In 2002, at age 34, I created the possibility of being Fit, Lean and Sexy -- a huge stretch in what I ever imagined for myself. I distinguished my blocks and took actions to break through. FLS no longer lives as a possibility in my life. It is my reality. I went from bowls of chocolate ice cream to completing 7 marathons. I continue to run as a way of life. I am Fit, Lean and Sexy.

Now,  I can bend reality even more to defy my age. No more calorie counting! No more managing carbs. I can make a shift so that a rockin' body, healthy glow, and all around peace, love and harmony is a consequence of something much bigger.

MEASUREMENTS

I'm not going to make the 'stats' the focus, but it'll be interesting to see how they shift within a new context. I've tracked my measurements since forever. I'm sure I have older logs in storage with even more info. While I don't have a specific weight goal in mind for 2012, I'm excited to see where I'll end up when I start to reap the benefits of the Manic Organic. I think I'll start tracking my body fat and maybe cholesterol, since those more invisible metrics might be more telling.

Anyway, here's my starting place. Note: I am 5'6".


I was traveling a lot this fall and my weight climbed back and plateaued at 143.4. Weird number. It was on the scale every day till I shifted my diet and just like that, I "un-plateaued". The weight has been flying off! It's only been five or so weeks since I've been experimenting with a Vegan diet (while NOT dieting), but I'm happy to report this morning's scale flashed back 137.0. Happy day! I'm on the right track. I'll get a tape measure and fill out the rest of these stats soon.

I should point out that I've always maintained a healthy diet. I gave up red meat and pork (mostly due to hormones, antibiotics) in 1991 as a New Year's resolution. It was an easy year so I kept it going and gave up poultry as my resolution 1992 (mostly because I couldn't be trusted to eat it responsibly -- aka, KFC.) I also started food combining around that time and did so for many years to follow, inspired by the book, "Fit For Life". By recall, my weight when I'm being really good was around 112 lbs (in my early 20s), 119 lbs (mid 20s), 125 lbs (late 20s). I have a whole journal dedicated to my 30s, which I can dig out if anyone is interested.

Here's me four years ago on 11/9/07 at 129 lbs (which was the truth). My license is about to expire so I need to get back to 129 (by 1/29), or lie a little and do it after I get it renewed.
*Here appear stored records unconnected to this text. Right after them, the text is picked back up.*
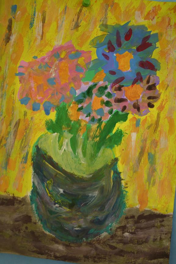 Fifth Graders created line landscapes using a variety of types of lines, drew a still life using chalk pastels, learned about artist Picasso and cubist portraits and created a portrait with collage and oil pastels, drew a still life using chalk pastels, chose a Catholic icon to draw then paint, which satisfied the following Diocesan standards: Strand 1, C-1, PO-a (line in art), b, (color in art), and d, (form in art); C-2, PO-a, b, c, d, e, f; C-3, PO-1 (drawing), PO-2 (painting). Also, Strand 2, R-1, (understand and appreciate the place of art as it reflects our Catholic beliefs) and Strand 3, E-1, PO-a (explore relevancy to Catholic faith). C-5, PO-a, PO-b (safety and care of art materials); Strand 2, R-1 (understand place of art in historical and cultural context).
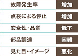 エレベーターの機能低下のなかでも、心臓部である油圧パワーユニット、頭脳にあたる制御部の劣化が進行すると、部分的な修理・交換ではシステム全般の機能回復は望めなくなります。また、長期的に見てもコストがかさむだけでなく、部品の調達も困難になってきます。
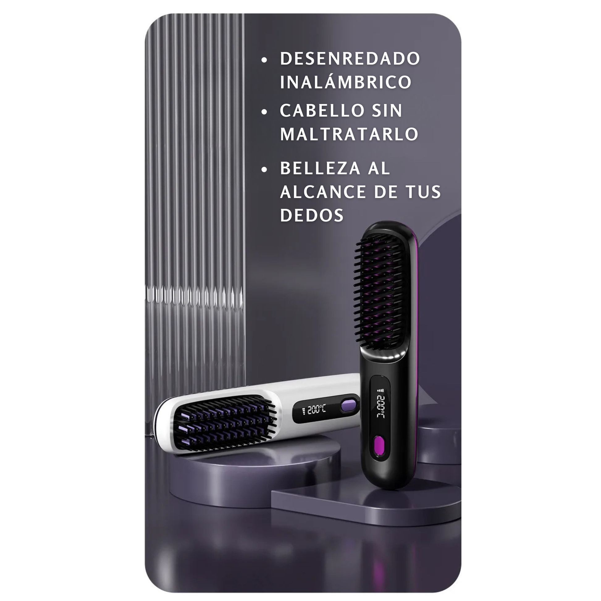 El aliado perfecto para un peinado impecable en cualquier momento. Combina plancha + cepillo para alaciar, desenredar y estilizar tu cabello de forma rápida, segura y sin cables.

In the past couple months I've read a few books that opened my eyes about the benefits of a whole-food, plant-based diet (most namely, "The China Study") which has me motivated to take my diet to the next level of commitment. I'm going Vegan.

Here's what I'm eating right now. Homemade pizza (dairy-free mozzarella by Daiya, OMG yummy!) with artichoke hearts, basil, yellow peppers and pine nuts. I built it myself on flatbread with my own toppings. That's homemade asparagus soup there too. I'll do a video to show how easy some of these meals are to make. This soup is divine and there's nothing in it! Key is homemade broth. I'll post later on that too.


It's mostly about figuring out what you're in the mood for. This was my dinner the other day: Polenta with mushroom gravy, sweet potato, spinach and tomato. And a few glasses of red wine, of course. Definitely not diet food, but out of this world, so good.